Final answer:
To determine the frequency of allele R in a Hardy-Weinberg equilibrium population with a known frequency of heterozygotes (0.18), you can solve the quadratic equation 2p(1-p) = 0.18. This will yield two possible solutions for the frequency of allele R, from which the correct one can be chosen based on allele frequencies being between 0 and 1.
Step-by-step explanation:
Assuming a population is in Hardy-Weinberg equilibrium and knowing that the frequency of heterozygotes (Rr) is 0.18, we can compute the frequency of the R allele.
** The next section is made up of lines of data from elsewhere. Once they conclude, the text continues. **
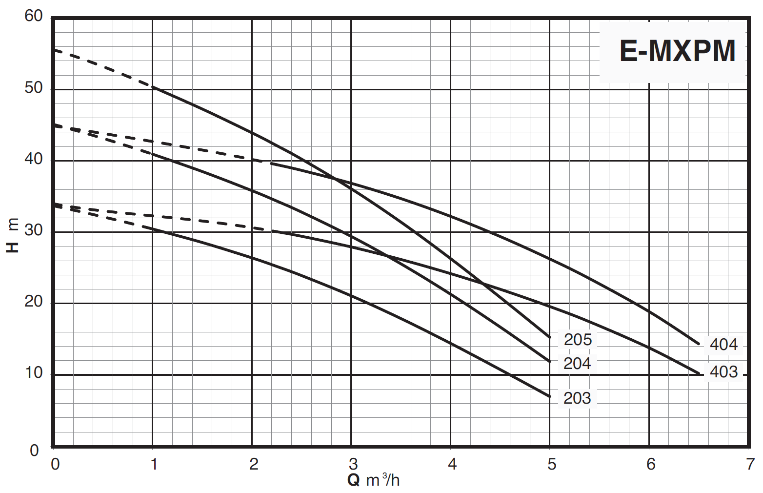 E-MXPM 404 PCD | 0.75 кВт | 220 В | 3.5 м3/ч | 6.5 м3/ч | 34.7 м | 44.9 м | 25 | 25 | 62 816 |
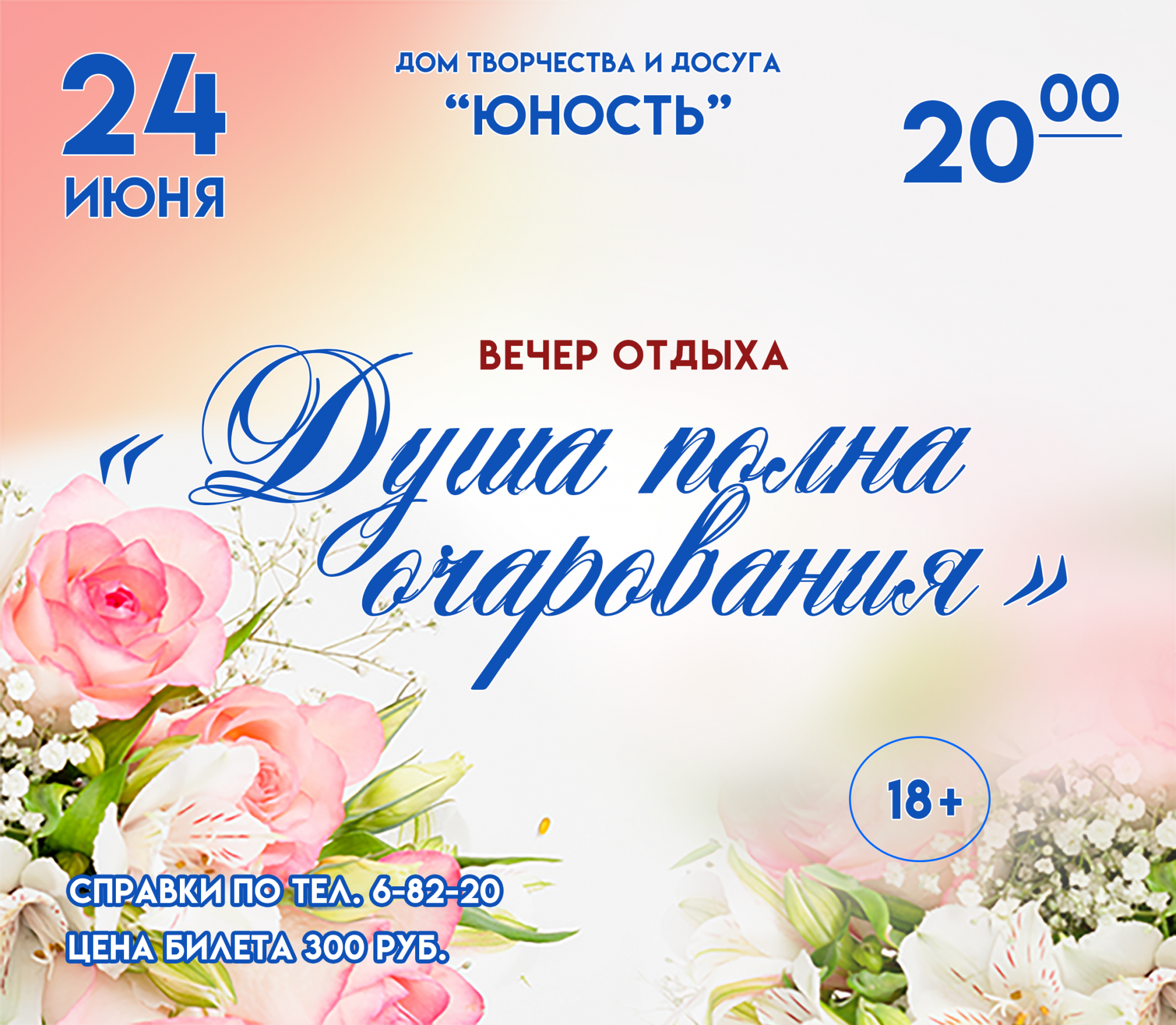 24 июня в 20:00 приглашаем всех желающих на вечер отдыха "ДУША ПОЛНА ОЧАРОВАНИЯ" ! ✨
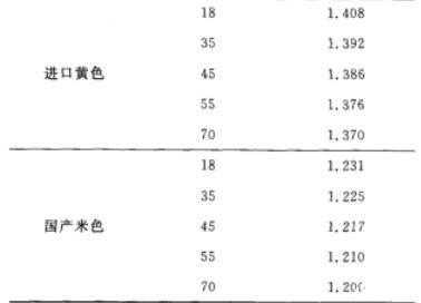4)按以上步骤分别测量18~70℃的容重(见表3)。
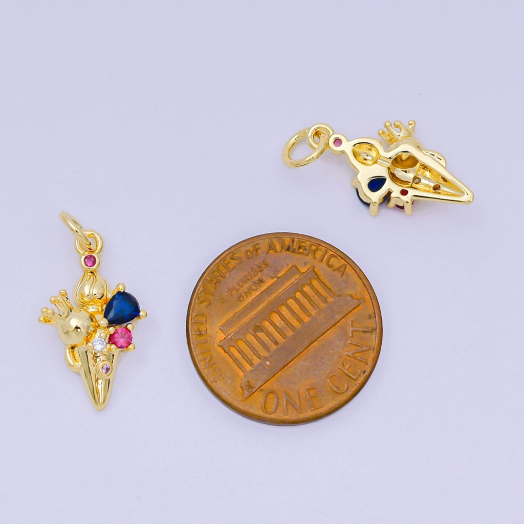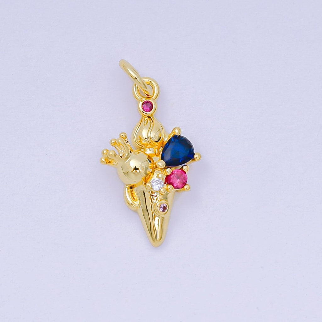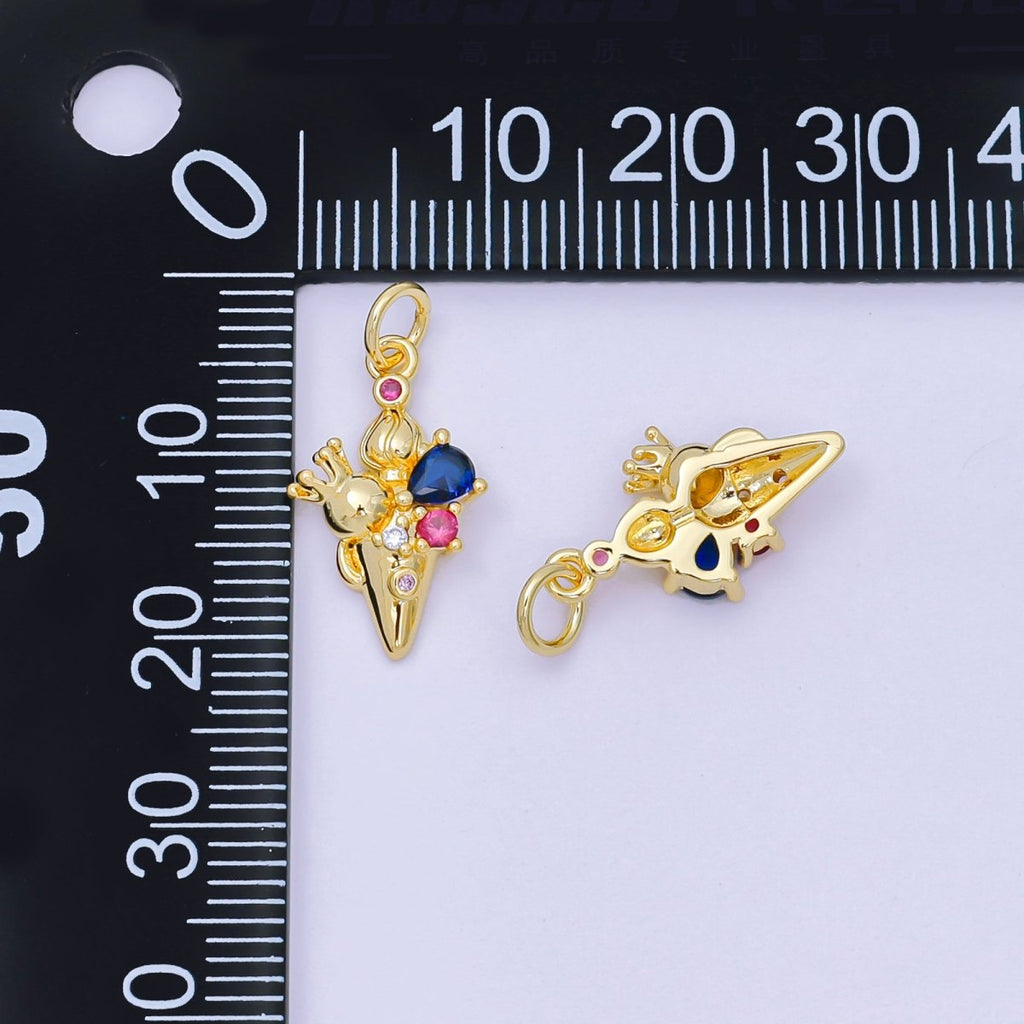 24K Gold Filled 17mm Blue Fuchsia CZ Palace Theme Crown Ice Cream Charm | D-284
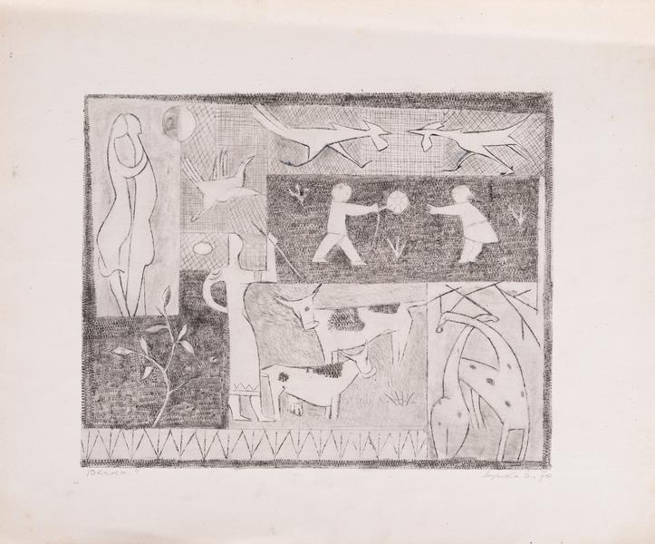 The image depicts a black-and-white print in the centre of the sheet. The image field is relatively divided into rectangles of different sizes and colours. Some plots and stylised images go beyond the rectangle. At the top left are figures of a man and a woman embracing. To the right are two flying birds; the moon is shown above them. At the top right are mirror images of roosters. Below them are two children playing with a ball. A twig with leaves is reproduced at the bottom left of the picture. A female figure, a cow and a bull follow it. At the bottom right are two deer leaning towards each other.

In Hardy-Weinberg, the genotype frequencies are represented as p² for homozygous dominant (RR), 2pq for heterozygous (Rr), and q² for homozygous recessive (rr), where p is the frequency of the dominant allele R and q is the frequency of the recessive allele r.
Given the frequency of heterozygotes 2pq is 0.18, and knowing that p + q = 1, there are two unknowns in two equations, which we can solve with algebra. For example, if we assume p is the frequency of allele R, then we would set up the equation 2p(1-p) = 0.18 to find the value of p. By solving the quadratic equation p = 1 ± √((1 - 0.18) / 2), you can find p, which is the frequency of the R allele.
Since this is a quadratic equation, there would be two potential solutions for p and hence two possibilities for the frequency of allele R. It is important to remember that both p and q should be between 0 and 1, as they are frequencies. After calculating, we would pick the solution in that range for both p and q.